Nonostante un doppio caffè mandato giù di fretta, a pochi metri dal terminal degli autobus, il sonno domina ancora il mio corpo e la mia mente. Salgo sul pullman quasi distratto, convinto di poter chiudere gli occhi fino a destinazione. La partenza è prevista per le 7,40. Proprio quando uno scossone fa oscillare il torpedone a destra e a sinistra. Il mio cuore si gela. Capisco che non si tratta della semplice vibrazione relativa alla messa in moto. E infatti pochi secondi dopo il cellulare comincia a vibrare freneticamente. “Hai sentito la scossa? Questa era fortissima”. Le voci si rincorrono, l’Ansa non aggiorna immediatamente il suo sito e qualcuno parla addirittura di un terremoto superiore ai sette gradi. Non fatico a crederlo, avendolo sentito in maniera così forte e repentina a Roma. So che nella mia città può aver causato qualche crepa, ma immagino immediatamente gli ulteriori disastri che può aver provocato nei luoghi ormai flagellati da questa piaga. Nessun morto per fortuna, apprenderò più tardi. Ma ancora il cuore dell’Italia infilzato senza pietà. Ancora la paura, le case che vengono giù e la disperazione per chi in un momento ha perso tutto o quasi. Mi si perdoni, ma non riesco proprio a iniziare questo pezzo in altro modo. Anzi, capirò solo più tardi che forse il passare una giornata “normale” è il migliore degli antidoti per chi questo dramma lo vive sulla propria pelle ogni giorno.

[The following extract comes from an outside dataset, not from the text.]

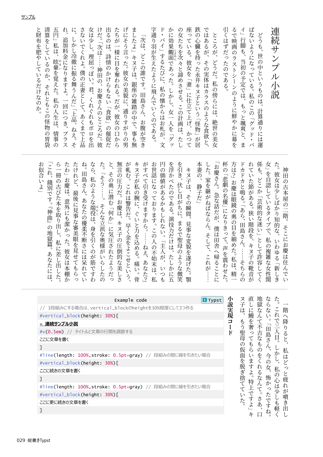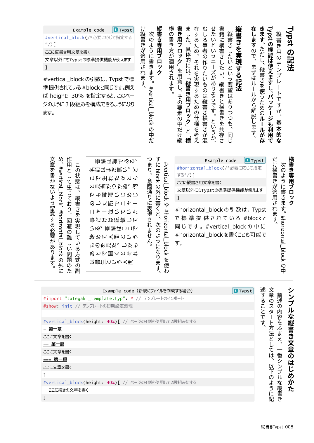 本書ではそのTypstを用いて、標準機能では対応していない縦書きに対応する方法、簡単に縦書きを実現する方法、関連機能やカスタマイズ方法を解説しています。

Sterzo bruscamente verso il faceto. Vicenza è una delle piazze calcistiche che ho segnato sulla mia cartina per questa stagione. Di motivi ce ne sarebbero tanti. Da quella banda di ragazzi guidati da un certo Francesco Guidolin, che nel 1997 mi fece avvicinare definitivamente a un certo tipo di calcio, alla storia lunga e ultracentenaria di un club tra i più prestigiosi nella Penisola. Finendo con lo stadio: il Romeo Menti. Custode di novelle e favole pallonare, nonché tra i più belli e affascinanti del nostro Paese. Non ci sono mai stato, ed è una grave pecca per chi sbava appresso a un certo tipo di impianti. Per me la vera emozione non è trovarmi di fronte agli occhi lo Juventus Stadium o l’Allianz Arena, ma poter vedere sacri templi dove hanno giocato icone del calcio italiano, ma anche perfetti sconosciuti che ho imparato a pronunciare grazie agli album Panini o ai primi turni di Coppa Italia visti in televisione. Lo stadio è un qualcosa di animato, è una persona che diventa sempre più affascinante ogni anno che passa; perché può raccontare tratti di vita vissuta e catapultarti in un passato sconosciuto. E il Menti, dal 1935, troppe cose avrebbe da dire.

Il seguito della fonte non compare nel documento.